Why an IRA Makes Sense Even If It Isn’t Tax Deductible

by Kevin Mercadante

When it comes to making contributions for retirement, many people won’t fund an IRA if the contribution isn’t tax-deductible. That raises an interesting question: is the primary purpose of a Traditional IRA or a Roth IRA to build savings for retirement – or is it primarily seen as a tax deduction in the current year?

Tax deductibility is certainly a consideration, but there are compelling reasons why an IRA makes sense even if the contribution itself isn’t tax-deductible. But in order to see the reasons why, you have to look at it strictly from the retirement side of the equation.

The earnings are still tax deferred – even if the contribution isn’t

tax deferred ira

Deferred taxes make IRAs a great retirement vehicle.

Whether or not you can take a deduction for an IRA contribution in the current year, the earnings on the account are still tax-deferred. This means you make contributions – whether or not they are tax-deductible in the year taken – and the investment will continue to grow, free from taxation.

Even if your contribution is tax deductible, tax-deferred earnings are still incredibly powerful. Let’s say that your combined federal and state income tax rate is 30%. Let’s also say that you can average a 10% return on your investments.

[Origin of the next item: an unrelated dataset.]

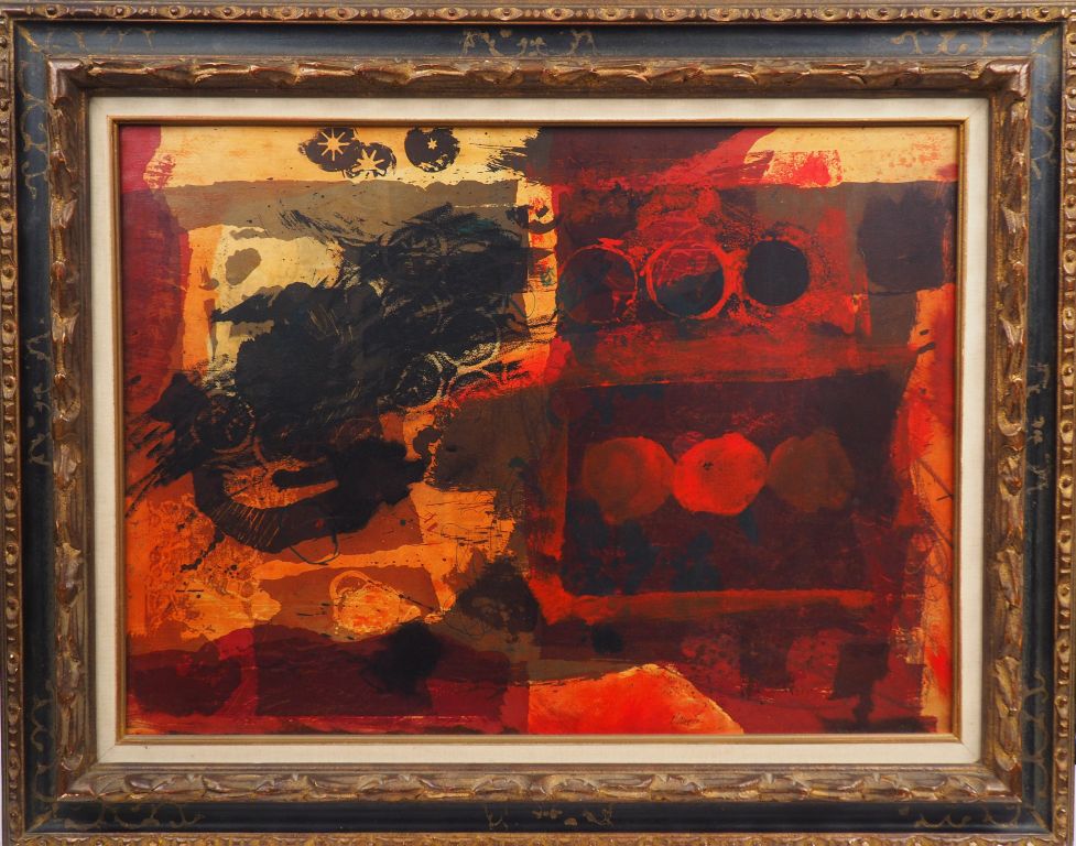 Antoni CLAVÉ "Nature morte sur fond rouge" Huile sur papier marouflée sur toile. Signée. 56 x 76 cm Avec certificat d'authenticité provenant de la Galerie de la Présidence à Paris.

If you invest your money in a taxable account, your net return will be just 7% – the 10% basic return, reduced by 30% for income taxes. But if your money is growing in an IRA, you’ll get the full benefit of the 10% return on your investments.

How does that look over the long-term?

  • $10,000 invested over 20 years at 7% will grow to be $38,697
  • $10,000 invested over 20 years at 10% will grow to be $67,275

Just as a result of having the tax deferral on investment earnings, you will have nearly $29,000 more in your account after 20 years. That looks almost like free money!

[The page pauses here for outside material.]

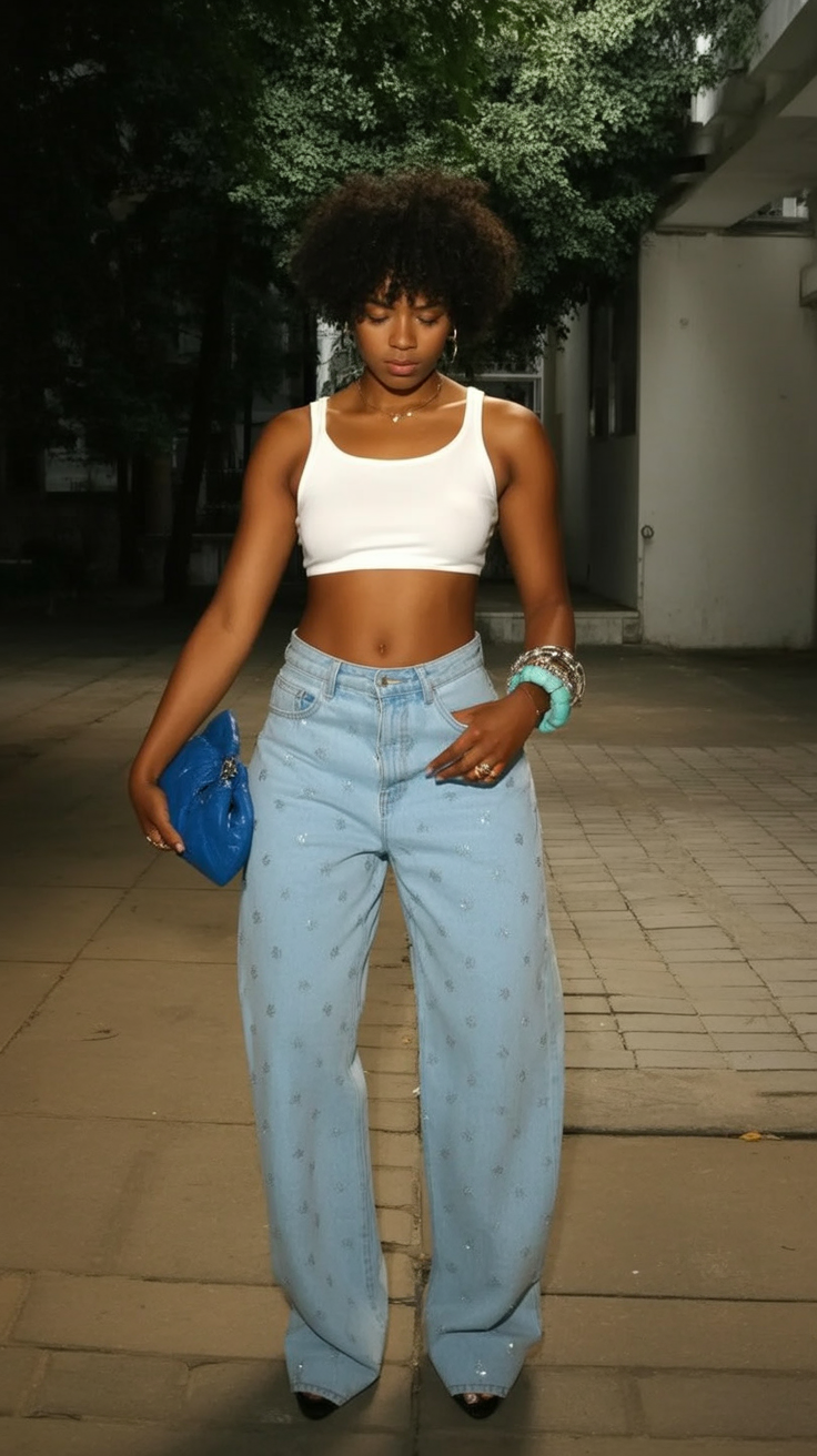 6. Cropped Tank and Wide Jeans: Cool Balance

When it comes to retirement assets, more is better

Statistically, most people are under-funded in their retirement plans. Even if you participate in an employer-sponsored 401(k) plan, it still may not provide you with as much money as you will need for the type of retirement that you want.

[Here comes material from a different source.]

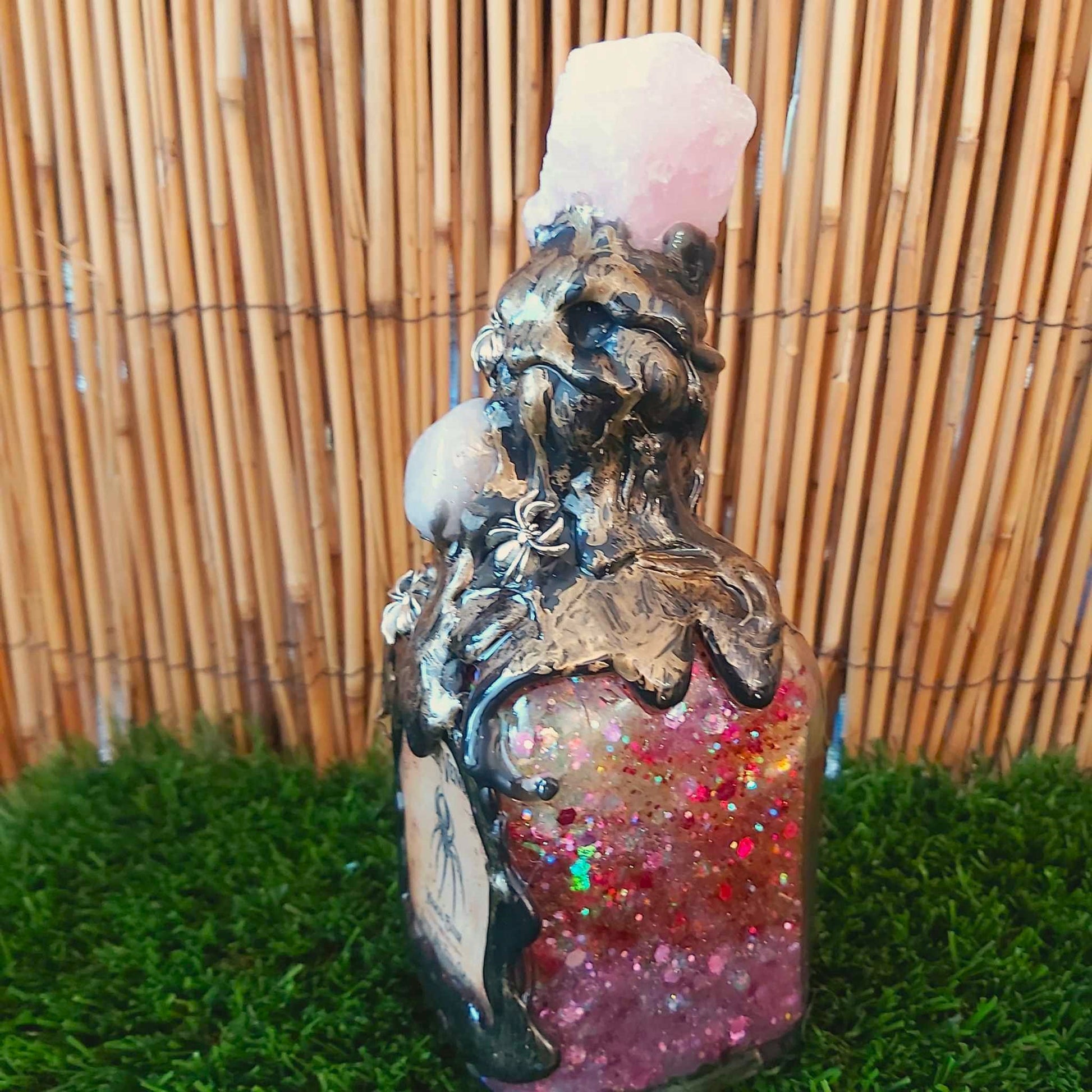 🌿 Crafted with layered materials and topped with a stunning Aragonite gemstone, this approx. 18 cm bottle is both decorative and spiritually symbolic – ideal for intention setting, energy work, or simply adding a mystical vibe to your home.

Employer plans typically limit the amount that you can contribute to the plan by a certain percentage of your income. If you earn $50,000 per year, and the employer will allow you to contribute 10% of that to the plan, your annual contribution will be limited to $5,000.

You can contribute up to $5,500, 0r $6,500 if you are age 50 or older, to an IRA. That means you can more than double your total retirement contributions by combining the IRA with your company plan. The combined 401(k) and IRA contributions will allow you to contribute more than 20% of your income to retirement.

Spreading your retirement across several accounts

We all know about the importance of diversification when it comes to investing. This can and should also apply to the accounts that you invest money in. This is particularly true when your retirement funds are primarily held in a company-sponsored 401(k) plan.

In any employer plan you participate in there will be limitations. For example, your company plan may provide only very limited investment options. There may be a single fund each offered for growth, growth and income, fixed income and cash. The company may also offer its own stock as yet another option, but that does you little good if you have no interest in investing in the company where you also work.

By contrast, an IRA held at a typical online investment account will offer almost limitless investment choices. You can choose the funds that you invest in, and even invest in individual stocks – a practice typically prohibited by 401(k) plans.

The greater investment choices hold potential for a higher return on your investment. It is entirely possible that your IRA could outperform your 401(k) plan in most years.

Having some non-taxable asset distributions in retirement

Let’s assume for a moment that none of your IRA contributions are tax-deductible in the years taken. Is that really a bad thing? Let’s consider the possibilities.

If all of the money you have for retirement is 100% tax-deferred, then you will be subject to income tax any time you pull money out of the accounts. Considering that you will have Social Security income and possibly some sort of secondary job or business income in retirement, the retirement plan withdrawals can put you in much higher income tax bracket.

But if you made non-tax-deductible IRA contributions over the years, that portion of your withdrawals will not be subject to income tax.

The nondeductible IRA contributions are a form of tax diversification in retirement. They will enable you to withdraw at least some portion of your retirement money without it being subject to income tax. This may not completely eliminate tax on all withdrawals – the earnings that accumulated on a tax-deferred basis will be taxable. But at least some of the withdrawals are not subject to tax, and since tax rates rise with income level, the nondeductible portion of your IRA contributions could result in significant tax savings in retirement.

Have you considered making IRA contributions even if they are not tax-deductible?

Published or updated August 18, 2016.